9 How. Pr. 251 | N.Y. Sup. Ct. | 1853
If it is necessary or proper for a plaintiff who sues as executor or administrator, to make proferí of the letters testamentary, or of administration, which, I incline to think, the practice under the Code does not require, the omission to do so is not, in my opinion, a ground of demurrer, pro
Under the former practice, when such profert was required, it could only be taken advantage of on special demurrer, and when the pleading contained the profert, oyer was rarely in practice given, unless demanded. In the present case the fact that the plaintiff is executor, &c., is distinctly alleged, and that, in my opinion, is sufficient. This disposes of the first and second specifications of causes of demurrer.
The third and fourth specifications are equally unfounded. The most that can be said against the complaint is, that it is double. Duplicity is no longer a ground of demurrer to a complaint. The only remedy of the defendant in such case is by motion to strike out, or that the plaintiff be compelled to elect.

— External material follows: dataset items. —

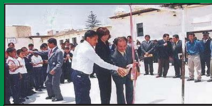
Reconstrucción de la Loza Multideportiva ubicada en el colegio 27 de diciembre.

Todos estos servicios se realizaron como complemento al mejoramiento del campo deportivo que consistió en cavar 30 centímetros de profundidad para luego colocar una capa de cal que controle el salitre existente en la zona, también se colocó otra capa de arena de río y finalmente se agregó tierra de cultivo donde se sembró grass, adicionalmente se ha construido una cisterna para el almacenamiento de agua, asimismo una pista atlética y la adquisición de un moderno vehículo cortador de grass, los trabajos que se han realizado ascienden a un costo de 442 mil nuevos soles en total.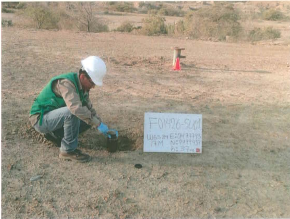
Fotografía N° 3. Toma de muestra aproximadamente a 4 m al suroeste del pozo.

"Año de la Promoción de la Industria Responsable y del Compromiso Climático" "Decenio de las Personas con Discapacidad en el Perú"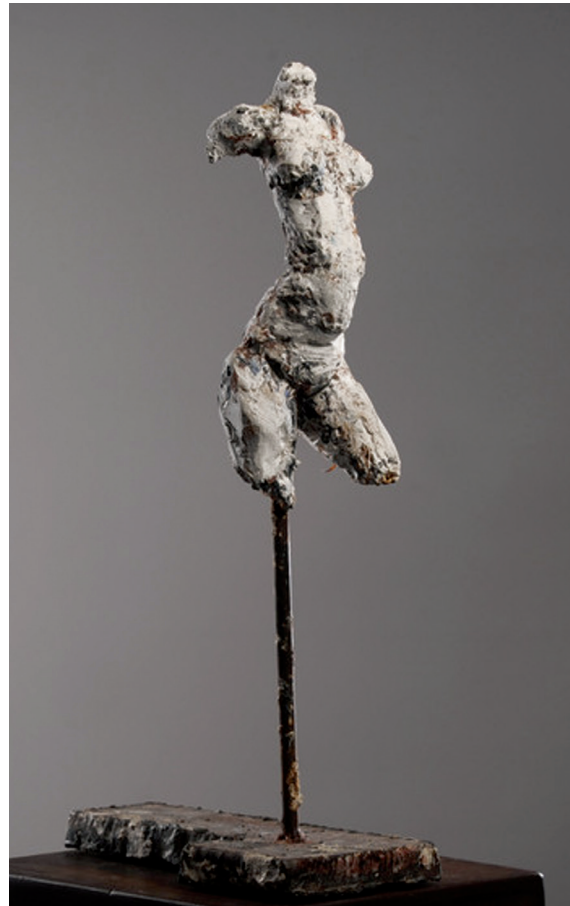
„Extensio“; Gips kaschiert, 50 cm, 1993

Zahlreiche Skulpturen im öffentlichen und privaten Raum, sowie internationale Ausstellungen.

I am unable to perceive any objection to uniting the various items mentioned in the complaint in one action; whether they could all be united in one count or statement of a cause of action, is not the question to be considered on the demurrer. It is urged by the defendant’s counsel that causes of action due to the plaintiff in his character as executor are united with one due to him in his individual capacity, or in his own right. That one of the items is a note of hand payable to the plaintiff, which shows it is due to him in his own right. But this does not necessarily follow. Indeed, the complaint itself shows the contrary. The note, although to the plaintiff, if given for a debt due to the estate of the testator, could be declared on by the plaintiff formerly, either in his individual or representative character. In this case, the complaint alleges that the several sums of money mentioned were received by the defendant upon and for the demands, property and choses in action, which belonged to the testator. If any portion of the complaint is uncertain or indefinite, so that the charge is not apparent, the court has power on motion to order it to be made definite and certain, by amendment, § 160.
The plaintiff is entitled to judgment on the demurrer, the defendant to have leave to answer on payment of costs.